In 1967 the famous garage that was home to the massacre was demolished. However, the bricks from the bullet-marked rear wall were purchased and saved by a Canadian businessman. In 1972 he opened a nightclub with a Roaring 20’s theme and rebuilt the bullet-ridden wall as an attraction. The club continued to operate for a few years and when it closed, the owner placed the bricks into storage. He then offered them for sale with a written account of the massacre. He sold the bricks for $1000 each, but soon found that he was getting back as many as he sold. It seemed that anyone who bought one of the bricks was suddenly stricken with bad luck.

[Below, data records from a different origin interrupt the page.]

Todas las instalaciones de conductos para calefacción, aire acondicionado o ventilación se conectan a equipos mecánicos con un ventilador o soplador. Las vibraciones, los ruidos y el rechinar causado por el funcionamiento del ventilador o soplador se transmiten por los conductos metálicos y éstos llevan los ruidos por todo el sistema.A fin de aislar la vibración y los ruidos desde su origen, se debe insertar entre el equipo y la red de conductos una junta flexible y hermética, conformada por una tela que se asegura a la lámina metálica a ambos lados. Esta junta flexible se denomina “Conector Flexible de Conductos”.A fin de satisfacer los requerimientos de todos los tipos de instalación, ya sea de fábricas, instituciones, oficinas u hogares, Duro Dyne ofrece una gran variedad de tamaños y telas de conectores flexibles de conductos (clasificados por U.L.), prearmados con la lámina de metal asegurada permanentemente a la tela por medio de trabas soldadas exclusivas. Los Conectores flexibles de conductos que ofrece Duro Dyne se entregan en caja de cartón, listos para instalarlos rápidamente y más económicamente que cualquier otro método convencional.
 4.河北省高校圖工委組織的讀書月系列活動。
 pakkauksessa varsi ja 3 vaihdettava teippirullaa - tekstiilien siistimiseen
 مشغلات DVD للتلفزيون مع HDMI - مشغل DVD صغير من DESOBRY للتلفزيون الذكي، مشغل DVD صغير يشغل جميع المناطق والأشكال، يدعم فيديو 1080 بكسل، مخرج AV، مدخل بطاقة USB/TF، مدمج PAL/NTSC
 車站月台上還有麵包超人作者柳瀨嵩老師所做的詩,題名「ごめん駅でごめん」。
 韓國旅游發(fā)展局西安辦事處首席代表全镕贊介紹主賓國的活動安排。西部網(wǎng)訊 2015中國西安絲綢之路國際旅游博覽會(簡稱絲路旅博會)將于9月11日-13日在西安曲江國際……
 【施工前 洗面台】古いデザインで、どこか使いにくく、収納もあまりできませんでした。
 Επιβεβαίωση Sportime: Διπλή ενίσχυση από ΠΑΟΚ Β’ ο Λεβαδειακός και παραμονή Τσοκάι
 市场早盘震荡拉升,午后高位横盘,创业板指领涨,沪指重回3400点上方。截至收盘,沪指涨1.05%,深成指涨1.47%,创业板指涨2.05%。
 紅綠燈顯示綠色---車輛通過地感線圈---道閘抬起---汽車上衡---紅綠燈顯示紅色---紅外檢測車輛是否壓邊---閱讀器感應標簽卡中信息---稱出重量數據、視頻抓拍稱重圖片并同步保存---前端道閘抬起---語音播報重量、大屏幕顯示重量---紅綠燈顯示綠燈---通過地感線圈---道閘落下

According to the stories, the bricks themselves had somehow been infested with the negative energy of the massacre. Whatever the legend of the bricks themselves, and whether or not they have been “haunted” by what happened, there is little doubt about the site on Clark Street itself. Even today, people walking along the street at night have reported the sounds of screams and machine guns. Those who are accompanied by dogs report their share of strangeness too. Animals appear to be especially bothered by this piece of lawn, sometimes barking and howling, sometimes whining in fear.
The building itself is long-gone, but the area is marked as a fenced-off lawn that belongs to the nearby nursing home. Five trees are scattered along the lawn in a line, the one in the middle marking the location where the rear wall once stood. Visit the spot yourself – you might just hear the events of that Valentine’s Day so many years ago!